The scenery in the morning is one the most beautiful I have ever seen. In front of us was the bulky Punta Bariloche peak to the left and Cuerno Principal to the right in the distance; the turquoise water of Lago Pehoe was now behind us but shimmering black water of Lago Skottsberg quickly appeared on our right hand side. It only took us 2 hours to get to Camp Italiano but I wish we could be on that segment of the trail forever.
Camp Italiano, as a free campsite, is more minimalist in comparison to Camp Paine Grande. There were outhouses, tent sites and a small shelter to cook.

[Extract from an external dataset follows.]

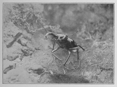Perhaps I ought to tell you how to know a beetle when you see one. This sounds easy enough, but it is not quite as easy as it sounds. All beetles have six legs (beetles' bodies are divided into three parts, and the legs grow out of the middle part); nearly all of them have strong, horny covers for their wings, and all of them have their skeletons outside. This sounds a very topsy-turvy arrangement, but it is quite true. We have our bones inside, and our flesh outside, but beetles have their bones outside and their flesh inside. Sometimes you may see beetles crushed flat in the road, but often they are trodden on or run over without being killed; and the reason for this is that their hard, outside skeletons prevent their soft insides from being altogether squashed up. Once I ran over a Stag-beetle on my bicycle—it was nearly dark at the time, and I was over him before I could get out of his way. Now a big Stag-beetle weighs about an eighth of an ounce, and I am rather a heavy person—indeed, with my bicycle thrown in I should think that I must weigh over two hundredweight, which is about thirty thousand times as much as the Stag-beetle. You can imagine how surprised I was to find that the Stag-beetle was not hurt. I ought to tell you, though, that the road was soft, and that my bicycle-tyres were not blown up hard, so perhaps the Stag-beetle did not get all my weight on his back—but, anyhow, it was a wonderful escape for him, wasn't it?

We set up our tent quickly and had a few bites of Clif bars for lunch before heading out to Britanico Mirador.
Unlike the flat trail in the morning, the trail headed upward from Italiano to Britanico. However, we were more agile now without the large backpacks. We climbed up to the viewpoint of Glacier Francis in less than an hour, and it was another hour before we reached Camp Britanico.
The road to Mirador Britanico, an end of the trail panoramic view point, was unfortunately closed for the season. But we were not disappointed by the view at Camp Britanico at all.
Standing on the ground of Camp Britanico was like standing in the center stage of an enormous amphitheater where we were surrounded, 270 degrees, by towering jagged peaks. And in the distance to the south where we climbed up from was the turquoise glacial water of Lago Nordenskjold. It was an incredible experience. I almost didn’t want to leave.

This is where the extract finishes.